As to your expression, “full-fledged” priests. That is not something that one should say to mendicants and to monastics. Medicants and monastics are very protective of their brotherhood. These terms have often been used by the laity to imply that our lay brothers are somehow on a lower rung than the rest of us. We find that very offensive. We consider ourselves to be equal in vocation, rights, and obligation. I remember our lay brothers having to put up with such comments from the laity as, “Oh you’re ONLY a brother.” or worse yet, “Why didn’t you go all the way?” We would cringe. None of us would dare think about our holy Father Francis as being ONLY a lay brother or as not having gone all the way. Yet, that is exactly what he was, a lay brother.
Again, I’m sorry for my knee-jerk reaction and I hope that I have explained what your brother would be walking into if he were to join one of the Franciscan obediences. By the way, they are called obediences because each branch of the order has its own constitutions to which they are obedient, be we have only two rules: the Rule of the Friars Minor and the Rule of the Penance. Francis wrote two rules and every community comes under one or the other.

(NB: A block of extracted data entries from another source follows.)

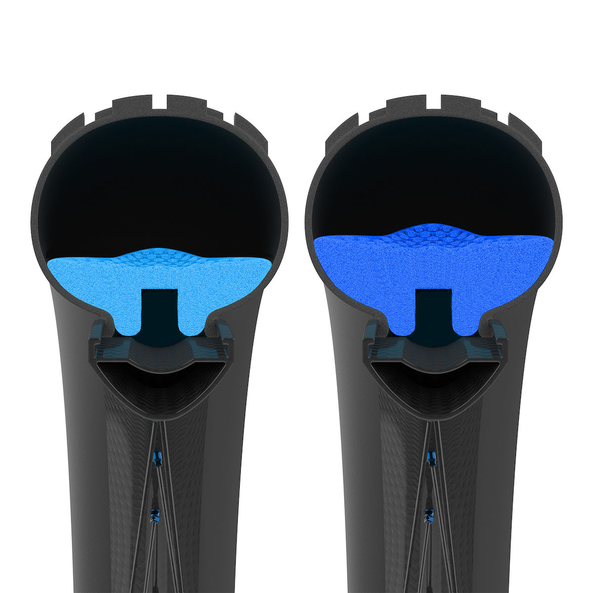 Die Formgebung der Kanäle sorgt für den sogenannten Venturi- oder Bodeneffekt. Die durch die Kanäle beschleunigte Luft im Reifeninneren verbleibt sehr viel länger zwischen Felgenbett und Reifeneinlage und minimiert somit effektiv den Rückpralleffekt - bei gleichzeitiger Erhöhung von Bodenhaftung sowie Stoßdämpfung! Das "Golfball-Design" der Oberfläche sowie die gewellte Form der Diamana-Reifeneinlage unterstützen diesen Effekt zusätzlich.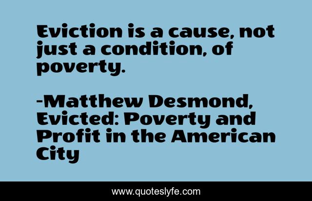 This page presents the quote "Eviction is a cause, not just a condition, of poverty.". Author of this quote is Matthew Desmond, Evicted: Poverty and Profit in the American City. This quote is about eviction, poverty,.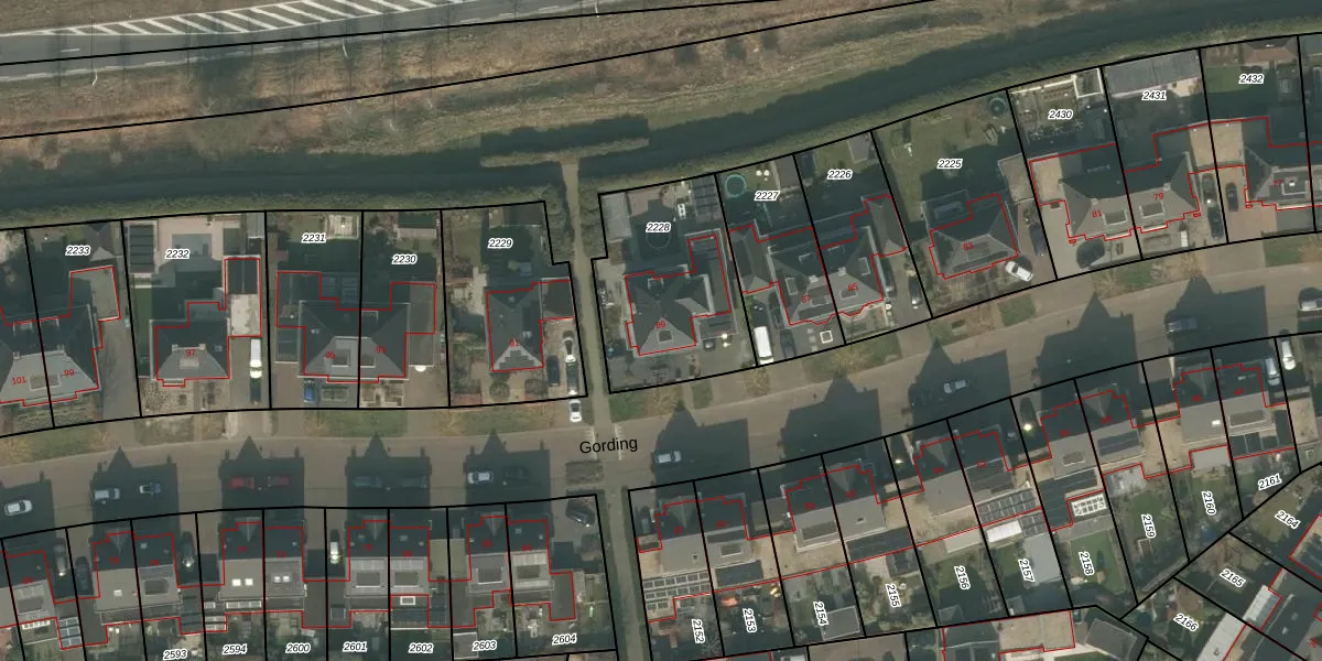 Het perceel waarop Gording 89 staat heeft een oppervlakte van 620 m². Dit is een groot perceel. De perceeloppervlakte wordt geregistreerd door het Kadaster. Gedetailleerde informatie over de maten van dit perceel kunt u vinden in het rapport Kadastrale kaart met maatvoering van Gording 89.

By the way, a priest who enters one of the Fransican communities usually has to go through postulancy, novitiate and temporary vows. This process can take up to six years. During that time he would be back in school studying Franciscan theology, Franciscan philosophy. Franciscan history, Franciscan rule and constitutions, Franciscan prayer, Franciscan mysticism, Franciscan spirituality, Franciscan catechesis, Franciscan modus procedendi and also working in one of the community’s apostolates, except during the novitiate. During that time he must observe a strict enclosure and never leaves the novitiate house except to visit another friary. Novitiate can be from one to two years.
There are new Church rules that govern transferrance from one community to another. Since your brother is already a member of a community, I’m not sure how that it handled. The rules have changed since I was in formation.